WORK TO BE COMPLETED
Word for word, copy the line containing "합천군불교연합회회장 진각스님은 봉축점등사를" and every line after it in the records below, leaving pictures out.

MATERIAL FOR THE TASK

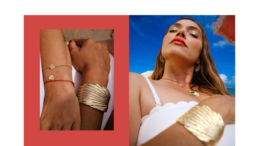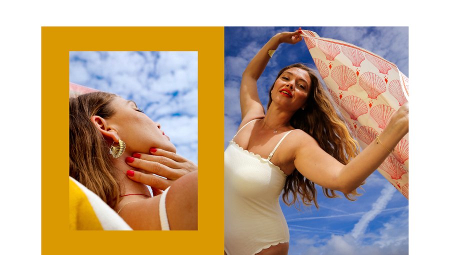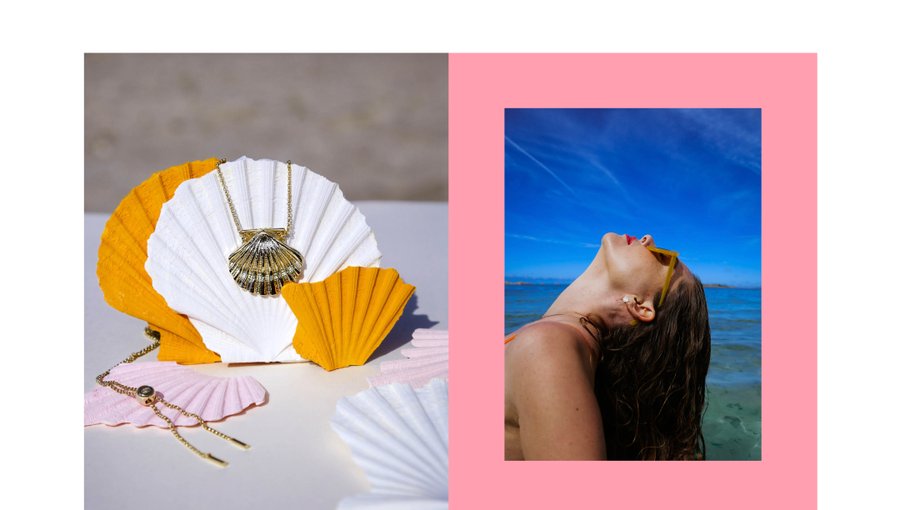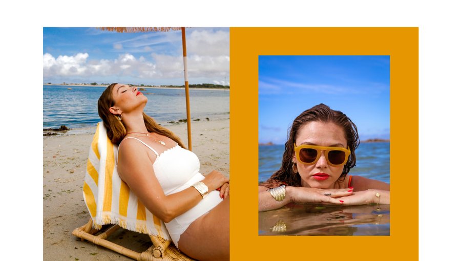 Armeria est une marque bretonne fière de sa culture et de ses valeurs. Inspirée par la Coquille Saint Jacques emblématique de Bretagne, sa nouvelle collection incarne la Venus Bretonne. Le set design doré et ensoleillé de ce shooting est fabriqué manuellement.
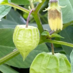 ヒロハフウリンホウズキ (広葉風鈴酸漿) 落花生の畝に生えていました😃 ホオズキの今は緑色の稜が紫褐色に成るのがみたいな☺️ 義姉に「抜かないでね!」というと「旦那に言っとく!」と言ってくれた☺️ でも心配だな😱
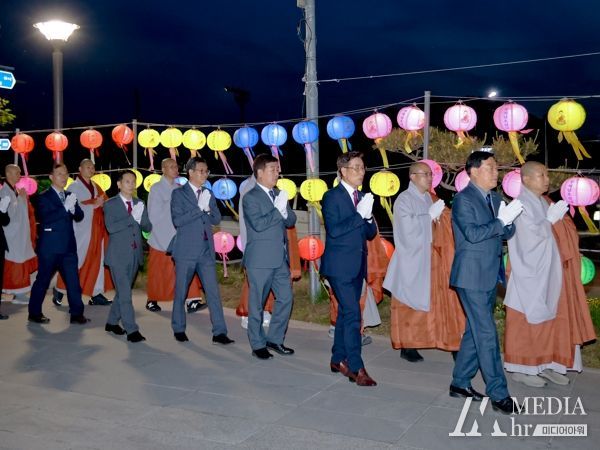 합천군불교연합회회장 진각스님은 봉축점등사를 통해 “군민 한분 한분이 각자의 위치에서 맡은바 소임을 다 해주셔서 감사하며, 모든 군민의 행복, 번영과 화합을 두손모아 기원한다”고 말했다.
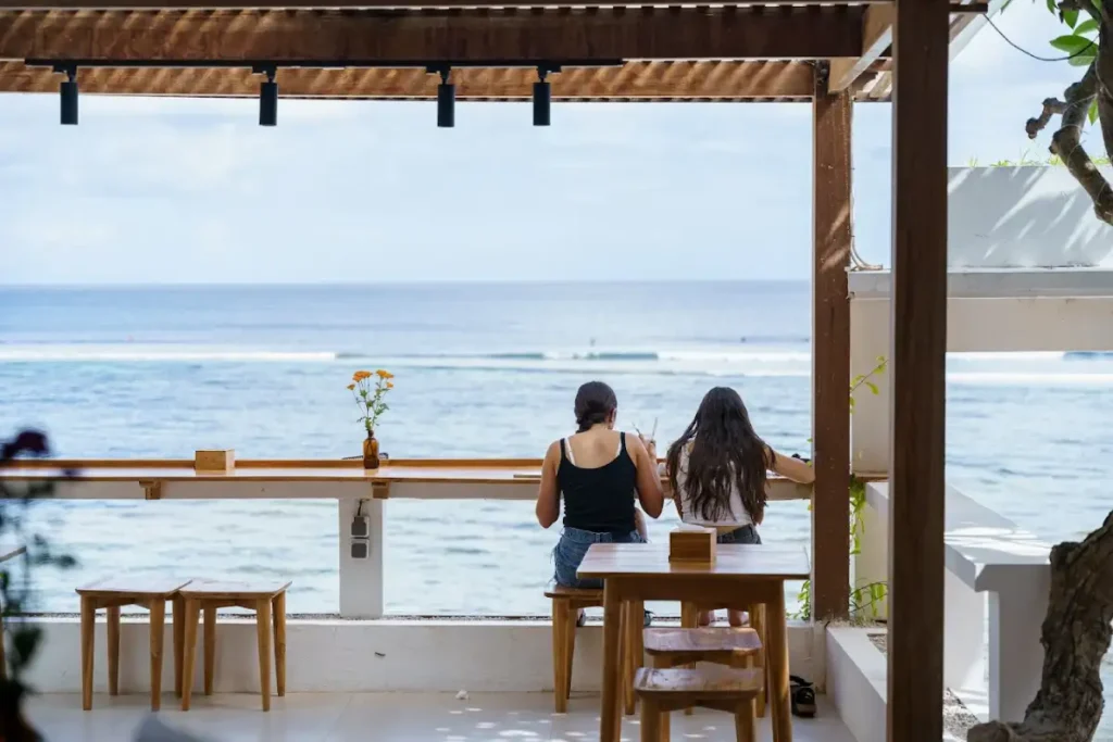Jimmy Beach Cafe is a beachfront cafe perched on a cliff overlooking Balangan Beach. Known for its stunning sunset views and laid-back atmosphere, this spot offers both indoor and outdoor seating with direct beach access. The minimalist modern design creates an Instagram-worthy backdrop. Moderately priced with no minimum spend, it’s perfect for breakfast, lunch, dinner, or sunset cocktails.
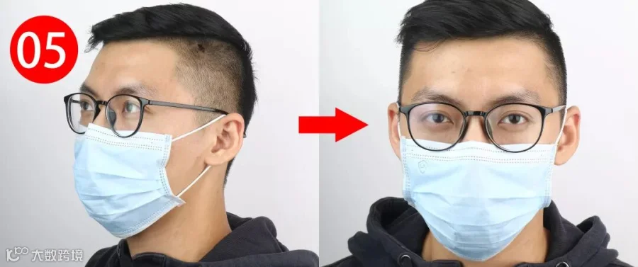 3.让口罩沿鼻子、脸颊、下巴贴合;
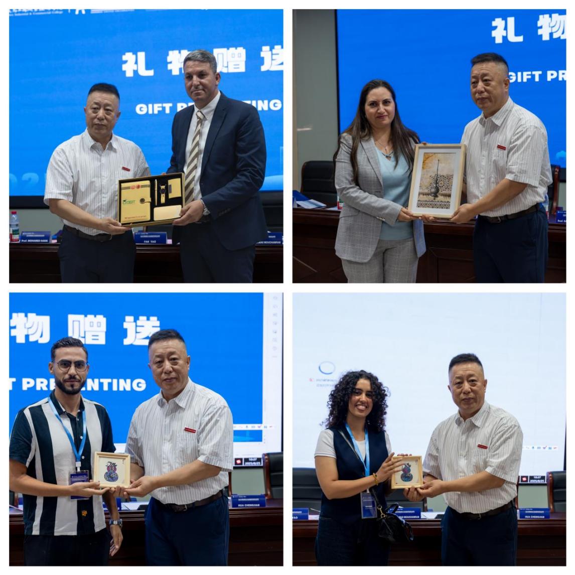 仪式尾声,双方互赠纪念礼品。樊曜向摩洛哥师生赠送具有义乌文化特色的礼物,摩方院校代表也回赠了来自摩洛哥的传统礼品。全场师生合影留念,为开班仪式画上圆满句号。
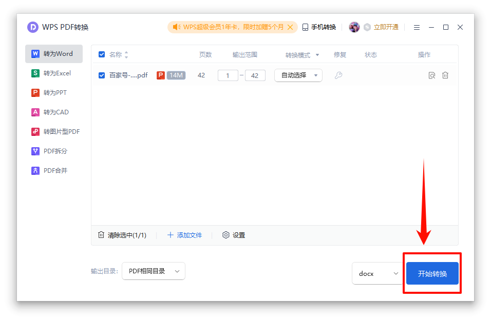 In the second step, after adding the PDF file, set the conversion format docx/doc, and you can also check OCR for scanned file recognition.
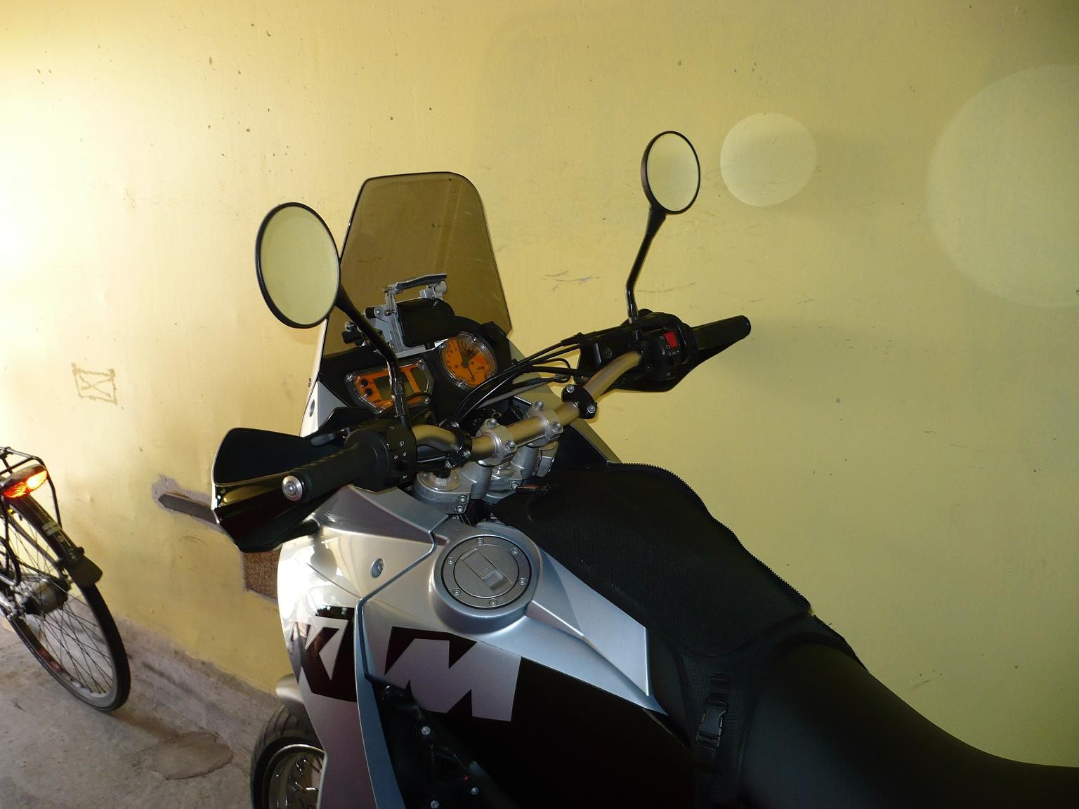 Umbauten: Zunächst die normale 3cm-Lenkererhöhung von KTM. Angenehm zu fahren im Sitzen, aber da sie die Neigung der Gabel auf den Fahrer zu verlängert, zu dicht am Fahrer im Stehen. Mittlerweile habe ich die 3cm-Tieferlegung der Fußrasten drauf - hätte ich viel früher machen sollen. Und seit Anfang des Jahres die hohe Lenkererhöhung von Hosi, die den Lenker nicht nur hoch, sondern auch vor verlegt. Zum Fahren im Sitzen etwas sehr hoch, zum Fahren im Stehen großartig. Und Umbau auf S-Fahrwerk mit 265cm - das hat zwar keine Auswirkung auf das Dreieck Fahrer-Sitzbank-Lenker, erleichtert aber das flotte Offroaden ungemein.

ANSWER TO THE EXERCISE
 합천군불교연합회회장 진각스님은 봉축점등사를 통해 “군민 한분 한분이 각자의 위치에서 맡은바 소임을 다 해주셔서 감사하며, 모든 군민의 행복, 번영과 화합을 두손모아 기원한다”고 말했다.
Jimmy Beach Cafe is a beachfront cafe perched on a cliff overlooking Balangan Beach. Known for its stunning sunset views and laid-back atmosphere, this spot offers both indoor and outdoor seating with direct beach access. The minimalist modern design creates an Instagram-worthy backdrop. Moderately priced with no minimum spend, it’s perfect for breakfast, lunch, dinner, or sunset cocktails.
 3.让口罩沿鼻子、脸颊、下巴贴合;
 仪式尾声,双方互赠纪念礼品。樊曜向摩洛哥师生赠送具有义乌文化特色的礼物,摩方院校代表也回赠了来自摩洛哥的传统礼品。全场师生合影留念,为开班仪式画上圆满句号。
 In the second step, after adding the PDF file, set the conversion format docx/doc, and you can also check OCR for scanned file recognition.
 Umbauten: Zunächst die normale 3cm-Lenkererhöhung von KTM. Angenehm zu fahren im Sitzen, aber da sie die Neigung der Gabel auf den Fahrer zu verlängert, zu dicht am Fahrer im Stehen. Mittlerweile habe ich die 3cm-Tieferlegung der Fußrasten drauf - hätte ich viel früher machen sollen. Und seit Anfang des Jahres die hohe Lenkererhöhung von Hosi, die den Lenker nicht nur hoch, sondern auch vor verlegt. Zum Fahren im Sitzen etwas sehr hoch, zum Fahren im Stehen großartig. Und Umbau auf S-Fahrwerk mit 265cm - das hat zwar keine Auswirkung auf das Dreieck Fahrer-Sitzbank-Lenker, erleichtert aber das flotte Offroaden ungemein.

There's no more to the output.